DNA Cell Biol. 2007 Sep;26(9):627-39.
Transcriptome of primary adipocytes from obese women in response to a novel hydroxycitric acid-based dietary supplement.
Roy S1, Shah H, Rink C, Khanna S, Bagchi D, Bagchi M, Sen CK.
BACKGROUND: Obesity is a global public health problem. Traditional herbal medicines may have some potential in managing obesity.
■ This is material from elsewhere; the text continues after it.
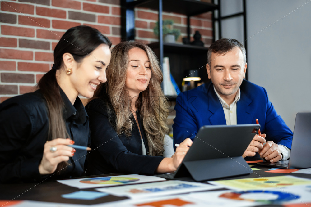 Business session in an office. Women and a man discussing business affairs. Gadgets and papers with graphs and notes

The dried fruit rind of Garcinia cambogia, also known as Malabar tamarind, is a unique source of (-)-hydroxycitric acid (HCA), which exhibits a distinct sour taste and has been safely used for centuries in Southeastern Asia to make meals more filling. Recently it has been demonstrated that when taken orally, a novel, highly soluble calcium/potassium salt of HCA (HCA-SX) is safe and bioavailable in the human plasma. Although HCA-SX seems to be conditionally effective in weight management in experimental animals and in humans, its mechanism of action remains unclear.
METHODS: In this study, subcutaneous preadipocytes collected from obese women with body mass index>25 kg/m2 were differentiated to adipocytes for 2 weeks in culture. The effects of low-dose HCA-SX on lipid metabolism and on the adipocyte transcriptome were tested. HCA-SX augmented isoproterenol- and 3-isobutyryl-1-methylxanthine-induced lipolysis. Using oil red O, the production of lipid storage droplets by the cultured mature human adipocytes was visualized and enumerated.
RESULTS: HCA-SX caused droplet dispersion facilitating lipase action on the lipids. HCA-SX markedly induced leptin expression in the adipocytes. In the microarray analyses, a total of 54,676 probe sets were screened. HCA-SX resulted in significant down-regulation of 348, and induction of 366 fat- and obesity-related genes. HCA-SX induced transactivation of hypoxia inducible factor (HIF), a novel approach in the management of obesity.
CONCLUSION: Taken together, the net effects support the antilipolytic and antiadipogenic effects of HCA-SX. Further human studies are warranted.